Monsanto ordered to pay $2 billion in Roundup cancer lawsuit

“We’ve been fighting cancer for more than nine years now and we can’t do any of the things we wanted to do. We really resent Monsanto for that.”


A California jury determined Monday that Monsanto’s Roundup herbicide directly caused the same type of cancer in an elderly couple who used the weed killer for decades. Bayer, the company that purchased Monsanto last year, was ordered to pay more than $2 billion in damages to the couple.

After using Roundup for nearly 30 years for residential landscaping, Alva Pilliod was diagnosed with non-Hodgkin’s lymphoma in 2011. His wife, Alberta Pilliod, was diagnosed with the same type of cancer in 2015. Both are currently in remission.

On Monday, the jury in the Alameda County Superior Court in Oakland awarded $1 billion in punitive damages and $18 million in compensatory damages to Alva Pilliod. His wife was awarded $1 billion in punitive damages and $37 million in compensatory damages.
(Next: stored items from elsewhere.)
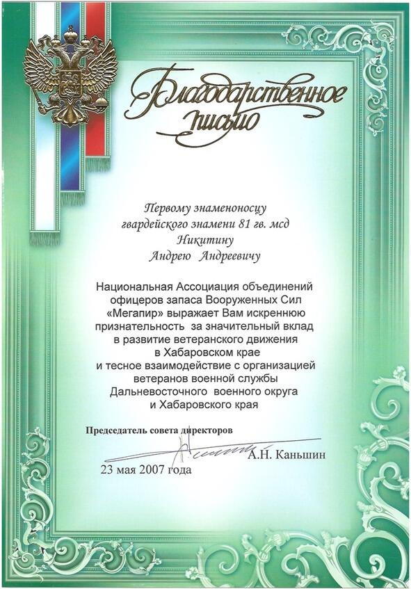 Благодарственное письмо за вклад в развитие ветеранского движения. Фото: Алина Аболончик.
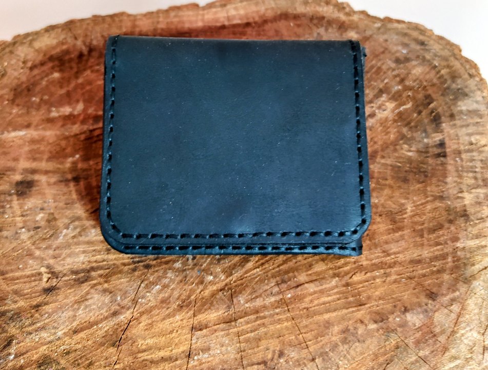 Siyah renkte, desen içermeyen, sade ve el dikişi detaylı minimalist erkek cüzdanı.
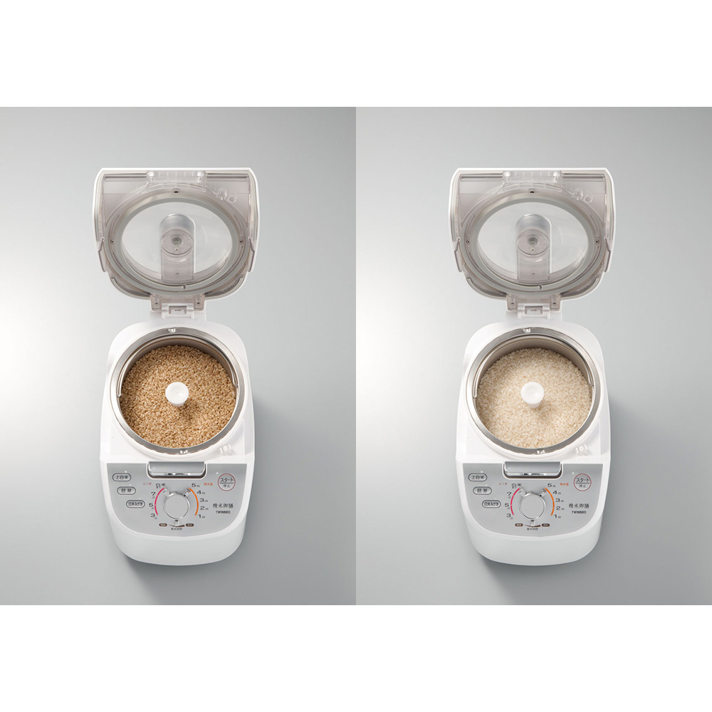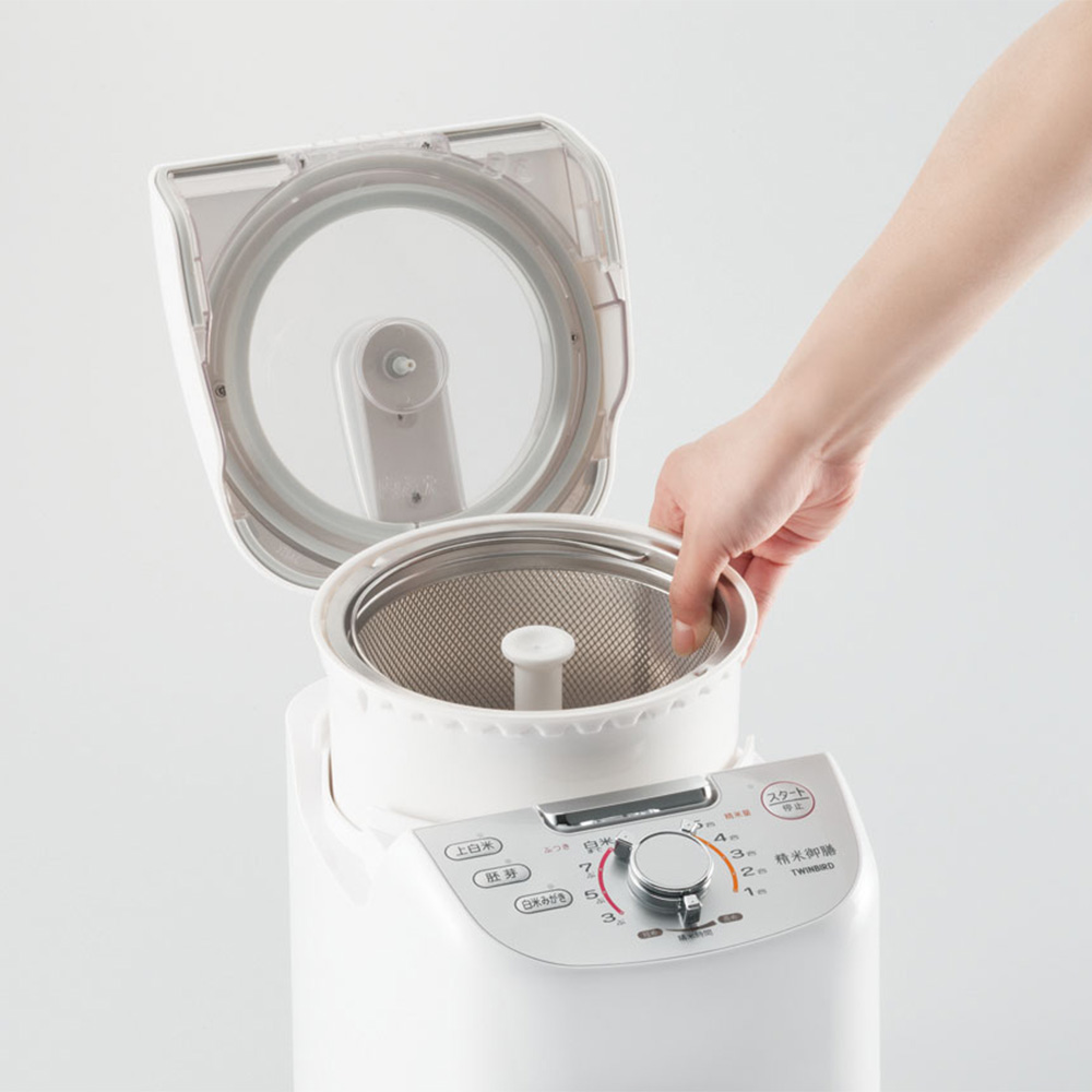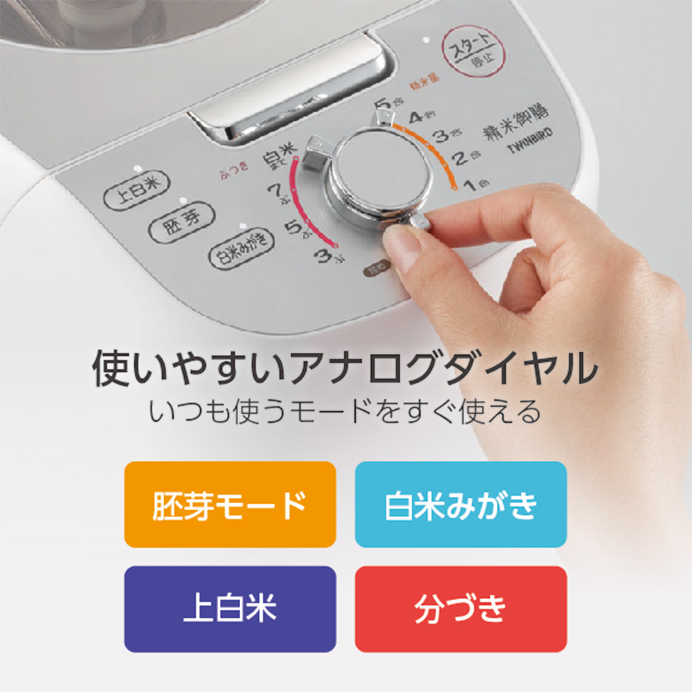 「コメどころ」新潟発の精米器。お米をおいしく食べるには玄米で保存し、毎日食べる分だけ精米するのが一番。家庭用精米器を使えば精米したてのおいしいお米を毎日手軽に味わえます。おいしさと静かさにこだわりました。炊く直前の精米で、ごはんはもっとおいしく変わる。お米は白米の状態だと表面が日々酸化し、風味や粘り気が徐々に失われていきます。おいしく食べるには、玄米で保存し、毎日食べる分だけ精米するのが一番。家庭用精米器を使えば、精米したてのおいしいお米を毎日手軽に味わえます。集合住宅や夜間でも気軽に使える静音設計「マンションなので音が気になって」「夜でも使えるような静かな精米器があったら」そんな声にお応えしようと粘りに粘りました。音の原因は精米音とモーターの駆動音。その二つの改善に挑むことで、従来品と比較して5dBも音量を抑えることに成功しました。おいしさに最適な、かくはん方式を採用。かくはん棒で、空気を巻き込みながらお米をやさしくかくはん。お米の温度上昇を防いで、精米したての風味を損ないません。4つの精米モードでおいしさいろいろ。使いやすいアナログダイヤルで設定もかんたんです。【ぶつきモード】栄養価が高くて玄米よりも食べやすいぶつき米ができます。お好みで3ぶ( ぬか層 30%除去 )・5ぶ( ぬか層 50%除去 )・7ぶ( ぬか層 70%除去 )の3段階から選択可能。【上白米モード】精米モードの白米よりもさらに多く精米します。ぬか層をしっかり落として精米しますので、炊き上がりの真っ白なお米に精米できます。【胚芽モード】白米に比べてお米の胚芽部分をできるだけ多く残した胚芽モードのお米ができます。胚芽モードのお米は、玄米やぶつき米よりも食べやすく、白米よりも栄養が豊富で健康的。【白米みがきモード】古く酸化した白米の表面をみがいて、お米の美味しさをよみがえらせます。ぬかこぼれの心配がない精米かご・ぬかボックス同時取り出し構造糠ボックスは内容器一体で取り出せるので、お手入れ時の糠こぼれを防ぎます。精米かごは丸洗い可能お手入れのしやすい構造でいつでも清潔に保つことができます。安心の誤使用防止機能ぬかボックス付け忘れ防止構造や、ふたを外すと自動停止する機能で安心してお使いいただけます。米ぬかを活用して無駄なく。ぬか床に、肥料に、お掃除に。米ぬかを生活に役立つ活用ができるのも精米器ならではの楽しみ方です。
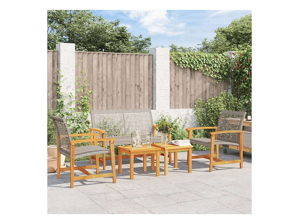 Salon de jardin 5 pcs gris résine tressée et bois d'acacia FR24153

“Unlike the first two Monsanto trials, where the judges severely limited the amount of plaintiffs’ evidence,” attorney Michael Miller told NBC News, “we were finally allowed to show a jury the mountain of evidence showing Monsanto’s manipulation of science, the media and regulatory agencies to forward their own agenda despite Roundup’s severe harm to the animal kingdom and humankind.”

In a recent statement, Bayer announced that the company is “disappointed” with the jury’s decision and plans to appeal the verdict in this case. Bayer added, “We have great sympathy for Mr. and Mrs. Pilliod, but the evidence in this case was clear that both have long histories of illnesses known to be substantial risk factors for non-Hodgkin’s lymphoma (NHL), most NHL has no known cause, and there is not reliable scientific evidence to conclude that glyphosate-based herbicides were the ‘but for’ cause of their illnesses as the jury was required to find in this case.

“The contrast between today’s verdict and EPA’s conclusion that there are ‘no risks to public health from the current registered uses of glyphosate’ could not be more stark. EPA’s conclusion is based on a database of more than 800 studies on glyphosate and Bayer’s glyphosate-based herbicides that relate to human and mammalian health, and its 2017 cancer risk assessment also examined numerous studies in the open literature. In contrast, plaintiffs in this case presented the jury with cherry-picked findings from a tiny fraction of the volume of studies available, and that failed to adjust for exposure to other pesticides, did not have statistically significant results, had very small exposed populations and/or are at odds with the full body of science. Plaintiffs also relied heavily on IARC’s assessment of glyphosate from 2015. But as EPA noted, EPA’s cancer assessment was ‘more robust’ and ‘more transparent’ than IARC’s review, which considered only a subset of published studies included in EPA’s evaluation. IARC’s opinion remains an outlier among international health regulators and scientific bodies.”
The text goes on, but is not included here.